Tipp: Sie können Ihre Nebenkostenabrechnung kostenlos auf Fehler prüfen lassen — direkt hier starten.
Prüfpfad in 4 Schritten
- 1Zeitlichen Rahmen exakt bestimmen (Einzug/Auszug, Übergabe).
- 2Zeitanteilige Kostenverteilung für Sonstige Betriebskosten berechnen.
- 3Ablesewerte zum Stichtag mit Protokoll abgleichen.
- 4Anteiligen Betrag mit der Abrechnungsposition vergleichen und Differenz protokollieren.
Typische Fehler bei Sonstige Betriebskosten
Häufige Fehler bei Sonstige Betriebskosten:
- 1Position ist nicht als wiederkehrende Betriebskosten einordenbar.
- 2Fehlende vertragliche Vereinbarung für sonstige Kosten.
- 3Kosten sind eigentlich einer anderen Kostenart (Nr. 1-16) zuzuordnen. Dein Einwand wird belastbar, wenn jede Differenz mit Betrag, Normbezug und Belegstelle begründet ist.
Rechtsgrundlage
§ 556 Abs. 1 BGB: Bildet die mietrechtliche Grundlage fuer die Umlage von Sonstige Betriebskosten: Ohne wirksame Vereinbarung und fristgerechte Abrechnung ist die Umlage unwirksam.
§ 556a Abs. 1 BGB: Bildet die mietrechtliche Grundlage fuer die Umlage von Sonstige Betriebskosten: Ohne wirksame Vereinbarung und fristgerechte Abrechnung ist die Umlage unwirksam.
§ 2 Nr. 17 BetrKV: Ordnet Sonstige Betriebskosten als Betriebskostenposition ein und bestimmt den umlagefaehigen Leistungsumfang.
§ 556 Abs. 3 Satz 2 BGB: Bildet die mietrechtliche Grundlage fuer die Umlage von Sonstige Betriebskosten: Ohne wirksame Vereinbarung und fristgerechte Abrechnung ist die Umlage unwirksam.
§ 556 Abs. 3 Satz 5 und 6 BGB: Bildet die mietrechtliche Grundlage fuer die Umlage von Sonstige Betriebskosten: Ohne wirksame Vereinbarung und fristgerechte Abrechnung ist die Umlage unwirksam.
§§ 195, 199 BGB: Regelt den rechtlichen Rahmen fuer Sonstige Betriebskosten und bestimmt, unter welchen Voraussetzungen die Position in der Nebenkostenabrechnung angesetzt werden darf.
Was Sie jetzt tun sollten
Praxis-Tipp
Bestehen Sie bei Ein- und Auszug auf einer dokumentierten Zählerablesung, damit Ihnen nicht der Verbrauch des Vor- oder Nachmieters angelastet wird. Ohne Zwischenablesung wird häufig nach Gradtagszahlen geschätzt, was zu Ungenauigkeiten führen kann.

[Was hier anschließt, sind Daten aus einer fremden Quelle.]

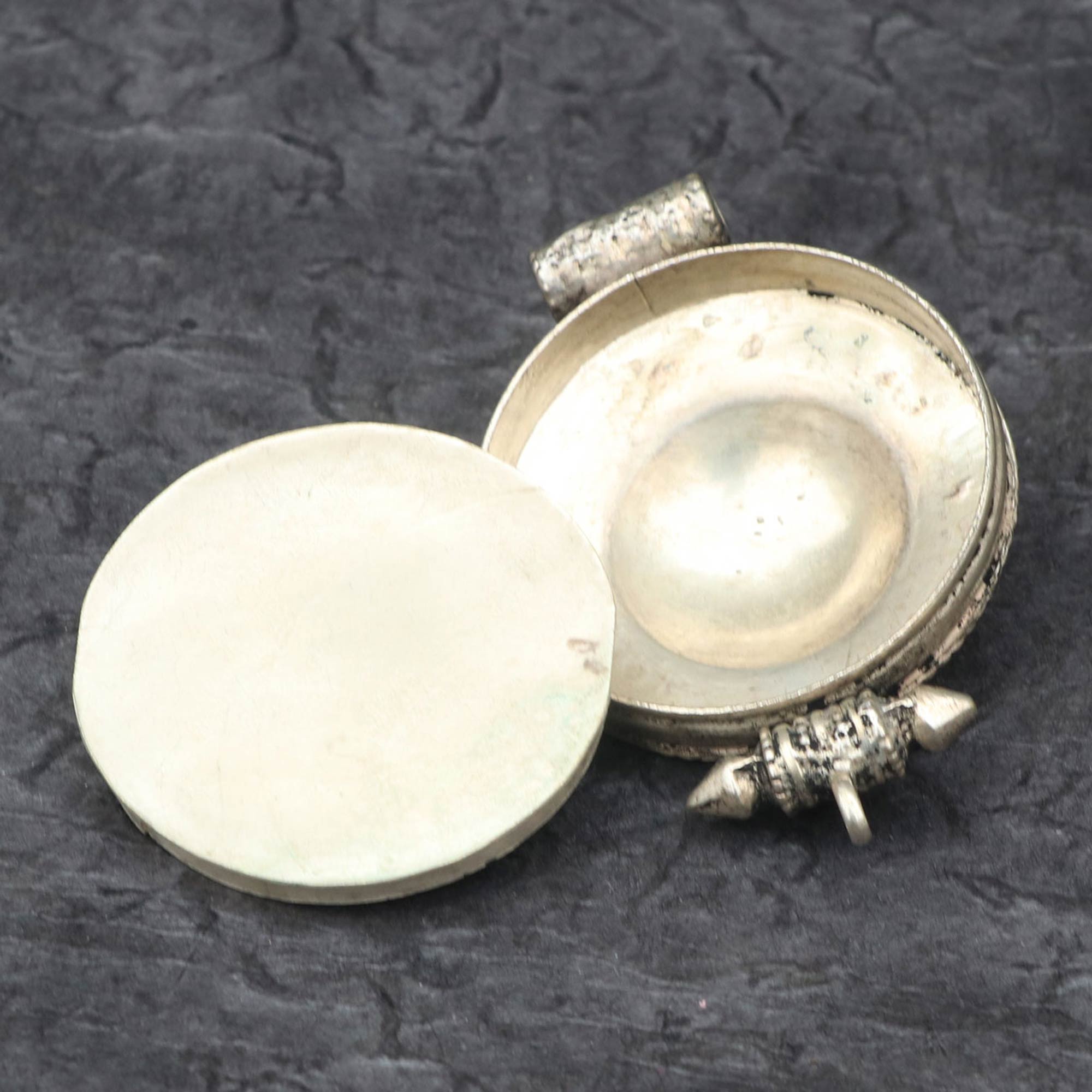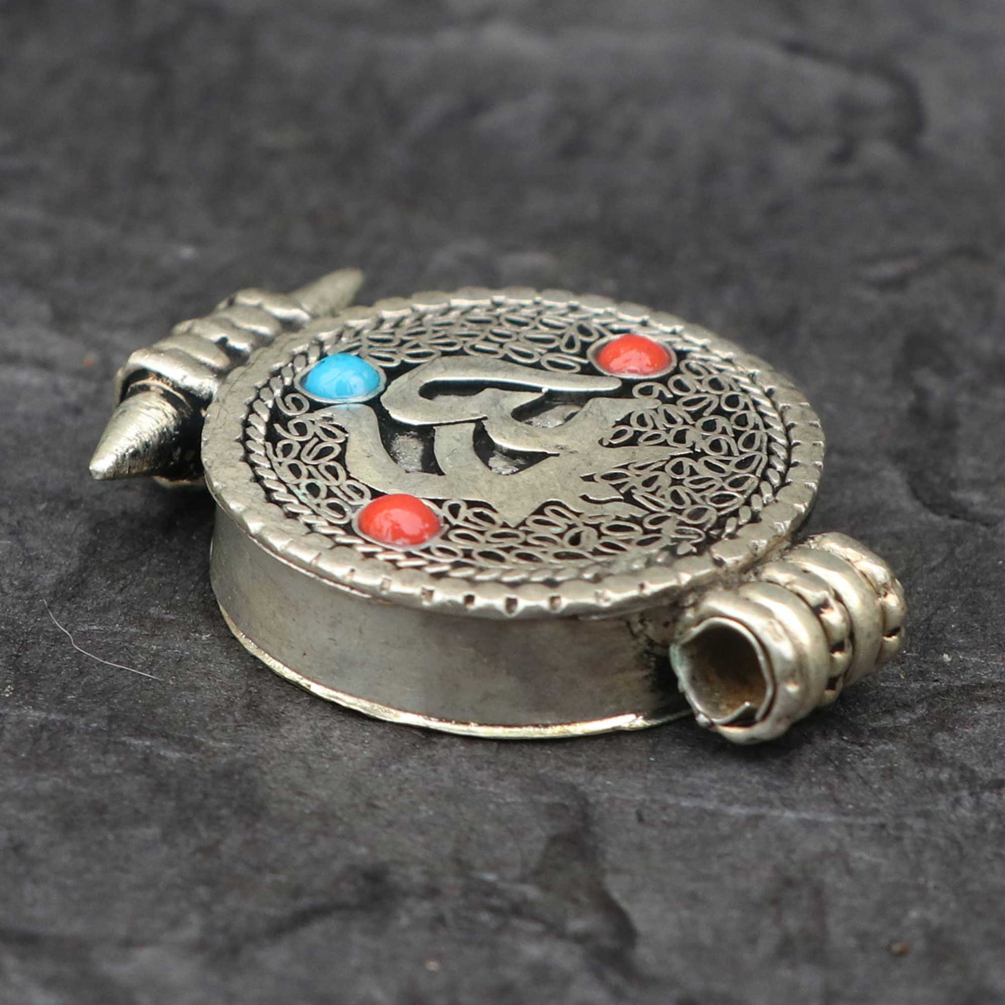 The Hindu Om Carved Ghau is a sacred prayer box or portable shrine, designed to hold small sacred items, mantras, or images of your favourite deity. It allows you to carry your deepest wishes, prayers, and intentions wherever you go. With the intricately carved Om symbol, this ghau reminds you of the primordial vibration of the universe and the spiritual essence of self.
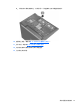 a. 将笔记本计算机底部朝上,松开笔记本计算机底部的键盘螺钉 (1)。

- Zählerstände bei Ein- und Auszug fotografisch dokumentieren.
- Prüfen, ob die Abrechnung nur den eigenen Mietzeitraum umfasst.
- Zeitanteilige Berechnung der festen Kosten (z. B. Grundsteuer, Versicherung) kontrollieren.
- Bei fehlender Zwischenablesung die Schätzmethode des Vermieters hinterfragen.